Figure 5 Example comparison of the mean cloud-type RFOs by calendar week over the southern hemispheric oceans between CCClim (blue) averaged over the full 35-year period and an ICON-A simulation (orange; see Sect. 4) averaged over 2 years.

Figure 6 Cloud type with the highest RFO relative to its global mean value. This shows which regions have the most favorable conditions for the occurrence of a cloud type, independent of its total amount.

3.1 CCClim classes

While an exhaustive analysis of the classes and related processes is beyond the scope of this paper, we highlight some characteristics of each cloud type in CCClim.

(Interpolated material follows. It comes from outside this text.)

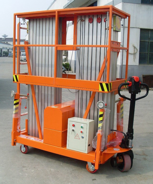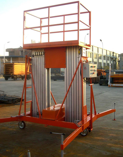 鋁合金液壓升降機(jī)整機(jī)重量輕,機(jī)動性好,適合單人操作;特制的桅柱間導(dǎo)輪裝置,升降平穩(wěn)自如;結(jié)構(gòu)緊湊,運(yùn)輸狀態(tài)尺寸小,可進(jìn)入一般電梯的轎廂以及能順利通過門洞和狹小通道;雙重保護(hù)的支腿結(jié)構(gòu),工作更安全,且可貼近工作面升降作業(yè);根據(jù)使用場所高的要求,可做成手動放到或電動放到式升降平臺。以滿足門口比較低時使鋁合金升降平臺無法進(jìn)入的情況。
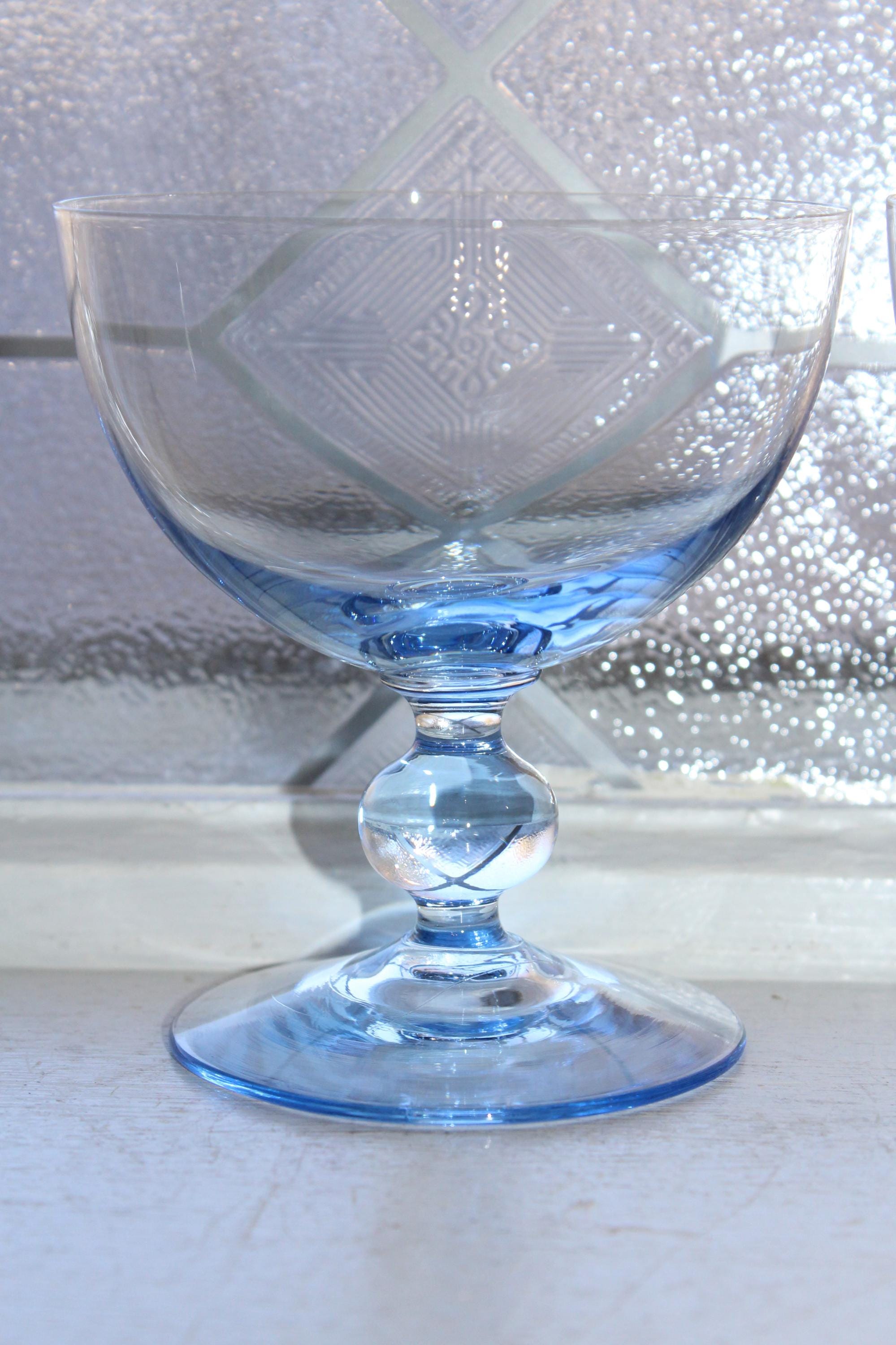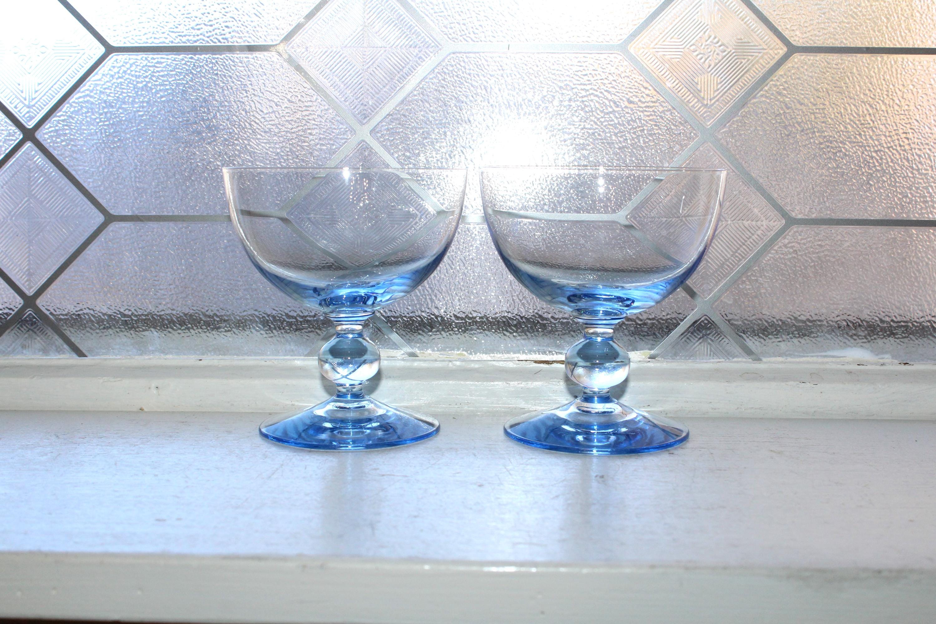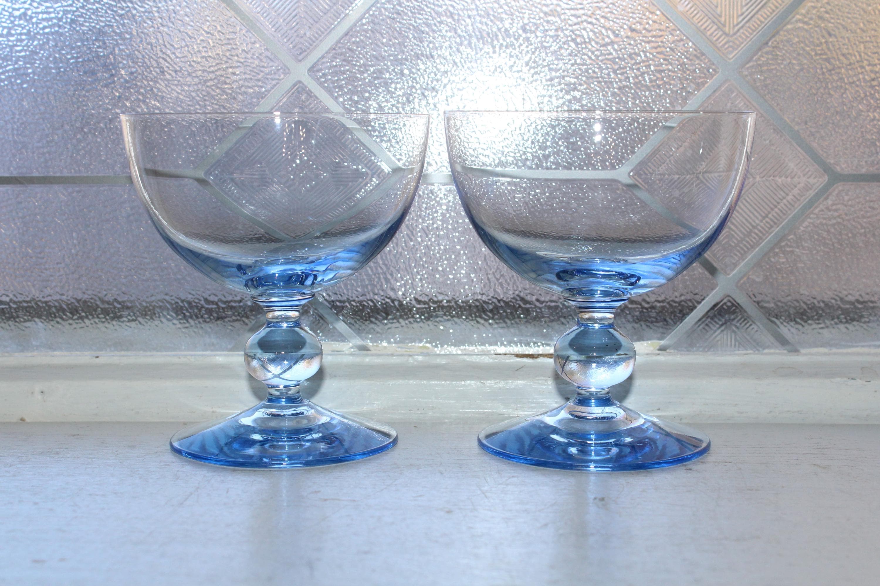 2 vintage Kosta Boda blue glass champagne coupes or sherbet dishes, in excellent condition.  Each glass measures 4" high x 3 3/4" wide at the top and has no chips or cracks.  They display exceptionally well.  Enjoy!

The Sc type is the dominating class in most regions, with a median global RFO of 0.31. Relative to its total amount, Sc shows little seasonal variability. Sc is subject to confusion which is the less common St type at all stages of the cloud classification: the CC-L dataset used as ground truth has trouble distinguishing between St and Sc due to the small footprint of the active sensors. The pixel-wise classifier and RF model propagate this uncertainty to CCClim, where St and Sc are predicted for similar conditions. Ci, the fourth most common class, appears most frequently in the tropics and subtropics, peaking in Southeast Asia. This geographical distribution is in line with expectations from previous studies (e.g., Sassen et al., 2008). The As type is prevalent in middle to high latitudes, especially over high-latitude land masses, with a high correlation with Ns. Although the CCClim As distribution is similar to what is reported in the literature (e.g., Sassen and Wang, 2011), results in polar latitudes might be unreliable due to limitations of passive sensor retrievals in these regions. The amount of As is strongly modulated by the seasons in both hemispheres, peaking in winter. In contrast, the Ac amounts peak in summer, with a slightly larger seasonal amplitude in the Northern Hemisphere. For cumulus (Cu), the amplitude of the seasonal variation is smaller than for most other cloud types. Interestingly, the Cu amount increases over the 35 years covered by CCClim, with its mean RFO over the SH ocean increasing by $\sim \mathrm{0.02}\approx \mathrm{20}$ %. Dc is the least common cloud type in CCClim, because CC-L distinguishes sharply between deep convective and multilayered cloud systems (L'Ecuyer et al., 2019). Even though Dc is rarely the dominant cloud type in a coarse grid cell, Fig. 6 shows that there are distinct regions in which deep convection can occur more frequently (relative to the global mean RFO of this type) such as the Intertropical Convergence Zone (ITCZ) over Southeast Asia or tropical landmasses. Dc is subject to significant seasonal variations with values in summer about 3 times larger than in winter.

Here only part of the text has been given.